Difficult times call for quick reaction


Toronto Globe and Mail

WASHINGTON — Much of America’s current psyche has become intertwined with Barack Obama and the promise of his presidency. But the potential for disappointment is immense.

Americans can be impatient. The Obama administration has little time to act on its unprecedented agenda of rescuing the economy, protecting the environment, reforming health care and restoring the country’s respected place in the world.

Fair or unfair, the first 100 days could define this presidency.

“He is being given the opportunity to be a Franklin Delano Roosevelt,” believes Alan Dershowitz, lawyer to celebrities and theorist on civil rights, who watched in wonder from his perch at Harvard as Obama became the first black president of the Harvard Law Review.

“He’s getting a real honeymoon from the American people.
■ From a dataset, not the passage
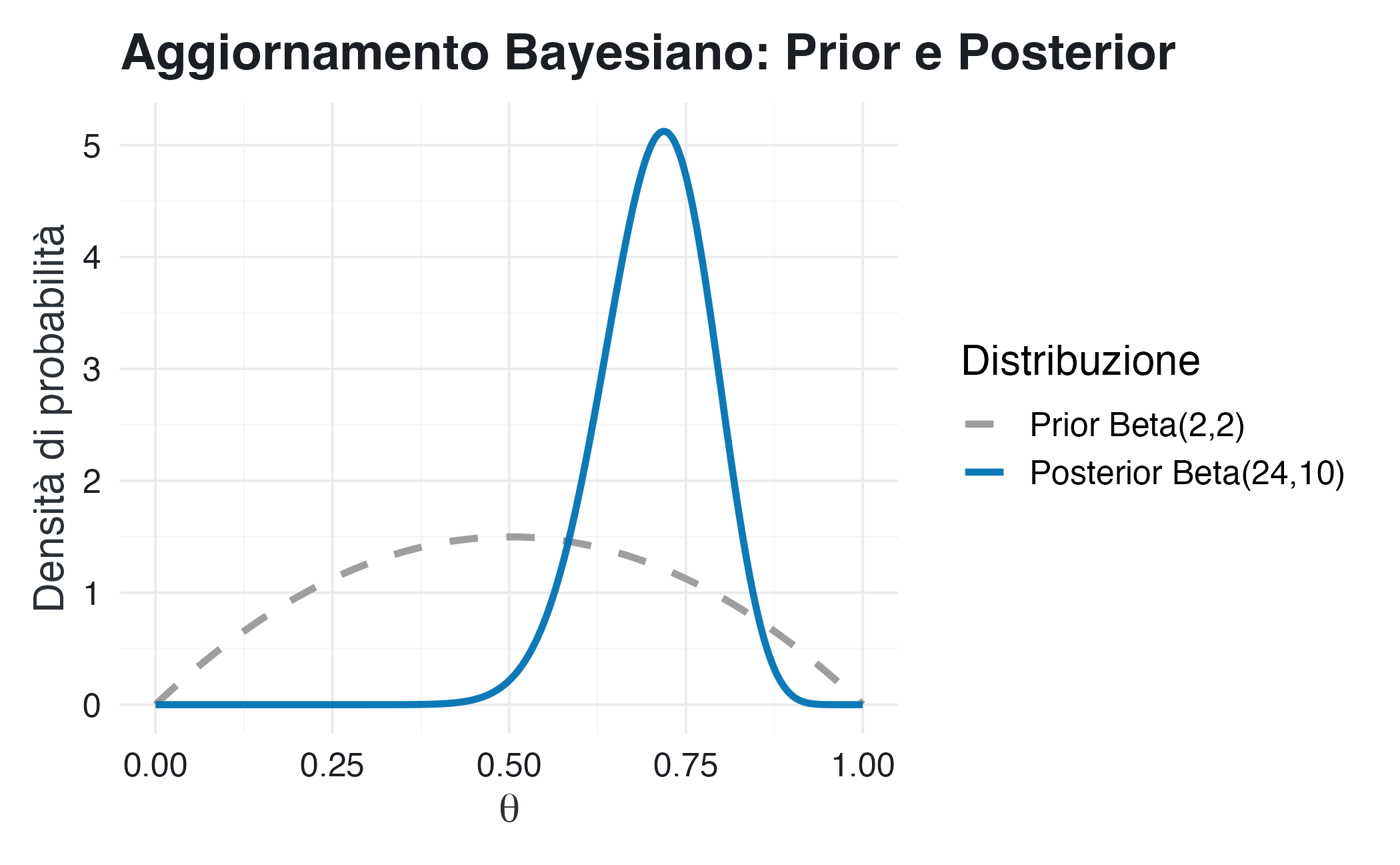 10.2.4 L’aggiornamento bayesiano: combinazione di prior e verosimiglianza

But that won’t last long.”

Amartya Sen, the Nobel laureate in economics and wise man of both Harvard and Cambridge, has seen nothing like it.

Americans’ desire to repudiate their initial support for the war in Iraq, their respect for Obama’s obvious intelligence and their longing to turn the page on their painful history of racism: “All these play a part in turning an exceptional human being into almost the kind of godhead that he has become,” Sen said.
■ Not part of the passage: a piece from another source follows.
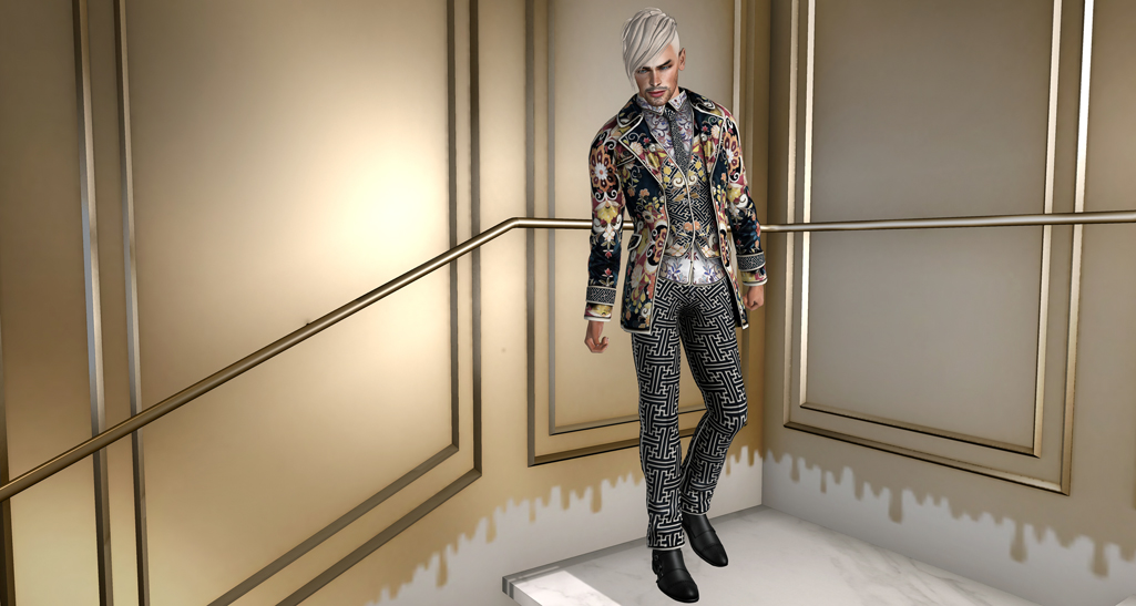 Stray Dog was a bit quick to remove their previous gift, about two weeks before the release of the new issue of L’Homme Magazine, but it’s nice to see they’re donating a group gift again for the current issue. The Zack skin in Buttermilk tone has very light eyebrows, perfect for achieving a Scandinavian look and comes with some options like lipstick marks, bruises on the neck (from wearing a choker) and freckles. The applier only works with Catwa mesh heads and you will have to purchase the matching body applier if you don’t have it yet. Stray Dog has appliers for the Signature and Belleza mesh bodies which all automatically come with body hair, freckles and tan line options. In this example I’m using the Belleza body with the Catwa Stanley head, my own shape and the ‘Haunting’ hairstyle by Stealthic.

But in the midst of this adulation, what was once a recession threatens to disintegrate into permanent decline, wars plague the Middle East, the population ages, services deteriorate and the planet warms.

The incoming administration is navigating an economic stimulus package through Congress that will probably top $1 trillion in an effort to heal the recession while also tackling any number of social deficits, while adding greatly to the real one.
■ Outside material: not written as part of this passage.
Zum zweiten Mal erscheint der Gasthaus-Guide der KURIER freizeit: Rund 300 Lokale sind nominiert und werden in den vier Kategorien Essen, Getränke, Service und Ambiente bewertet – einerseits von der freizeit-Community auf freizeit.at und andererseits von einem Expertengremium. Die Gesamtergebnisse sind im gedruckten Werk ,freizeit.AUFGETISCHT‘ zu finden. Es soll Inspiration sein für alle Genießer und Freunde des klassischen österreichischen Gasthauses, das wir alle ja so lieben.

Sen believes that the first goal of the stimulus package must be to restore a sense of confidence among Americans.

“And that will depend on how much in command Obama looks and his economic team looks,” he said.

Along with tax cuts and infrastructure spending, the Obama stimulus package seeks to foment a revolution in energy production and security, while simultaneously tackling global warming.

For Dershowitz, the “the first symbol will be closing Guantanamo. And it will only be a symbol.”

The incoming administration is struggling with the complex problem of how to handle those inmates of the offshore prison who pose a danger to national security, but who could not be convicted in a court of law because the evidence against them was obtained by torture.

How is Obama to deal with such an intractable issue as he seeks to restore his country’s global reputation?

“Openly, openly,” Dershowitz urged. “Acknowledge the problem and deal with it openly.” Beyond that, no one knows exactly what to do.